Suppose I have a multiset $M$ with elements $1,\dots,m$ and respective multiplicities $n_1, \dots, n_m$: $$ (1, n_1) \\ (2, n_2) \\ \dots \\ (m, n_m) $$
What is the expected number of distinct elements in a sample of size $k$ (with replacement) from $M$?
On
Hint:
What is the probability that element $1$ was selected at least once in your $k$ draws?
What is the probability that element $2$ was selected at least once in your $k$ draws?
Letting $X_1 = \begin{cases}0&\text{if }1\text{ was not selected}\\1&\text{if }1\text{ was selected at least once}\end{cases}$ and similarly defining $X_2,\dots, X_m$, how can you describe the random variable counting the number of distinct elements selected using these random variables?
$X = X_1+X_2+\dots+X_m$
Apply linearity of expected value.
$E[X]=E[X_1+X_2+\dots+X_m]=E[X_1]+E[X_2]+\dots+E[X_m]$
Let $X_i \in \{0,1\}$ be the indicator random variable that the sample contains element $i$.
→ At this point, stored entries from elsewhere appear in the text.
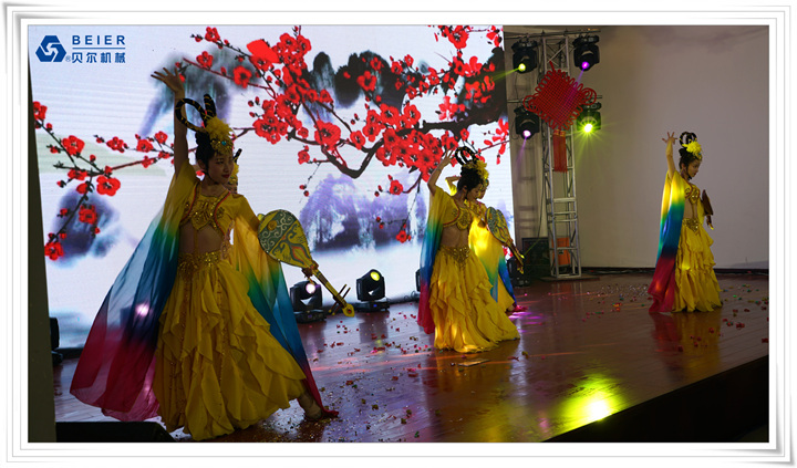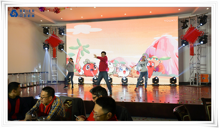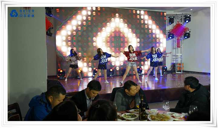 在表演開始前,董事長何德方致以新春致辭,他慷慨激昂地回顧了公司2017年取得的輝煌戰績一一感謝公司全體員工、各部門的辛勤付出,并展望2018年發展規劃,公司將繼續開拓創新,整合資源,所有貝爾人要攜起手來,為實現公司更高的目標而奮斗!得到了全體員工的熱烈掌聲!在喜慶的祝酒音樂伴奏下,何董事長舉杯向所有同事和來賓祝酒,新春晚宴在一片熱鬧喜悅的氣氛中正式開始。員工代表清洗組:楊愛萍進行了發言,她作為參與者,見證了貝爾機械二十年來的蓬勃發展,反映了貝爾自下而上的實干精神已經成為貝爾的企業文化。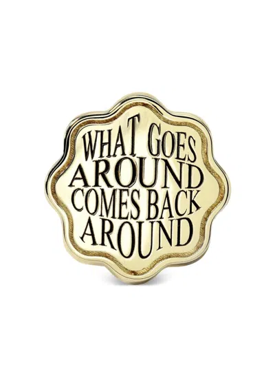 14k Yellow Gold Flying Pig Fantasy Ring In Brown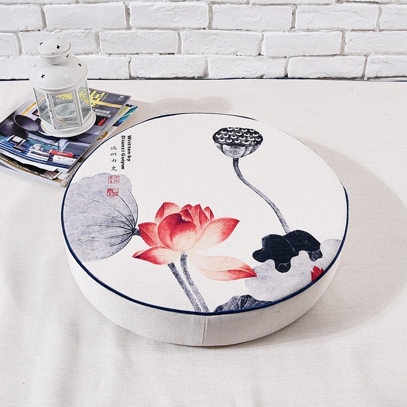 Custom Custom Chinese Lotus Meditation Meditation Futon Cushion Cotton Linen Fabric Round Padded Cushion

The expected value $E(X_i)$ is the probability that the sample contains element $i$:
$$\begin{align*} E(X_i) &= \Pr(\text{the sample contains element }i)\\ &= 1-\left(1-\frac{n_i}{s}\right)^k \end{align*}$$
where $s$ is the size of the multiset including duplicates:
$$s = n_1 + n_2 + \cdots + n_m$$
Then the required expected number of distinct elements in a sample of size $k$ (with replacement) is
$$\begin{align*} E &= E\left(\sum_{i=1}^m X_i\right)\\ &= \sum_{i=1}^m E(X_i)\\ &= \sum_{i=1}^{m}\left[1-\left(1-\frac{n_i}{s}\right)^k\right]\\ &= m - \sum_{i=1}^{m}\left(1-\frac{n_i}{s}\right)^k \end{align*}$$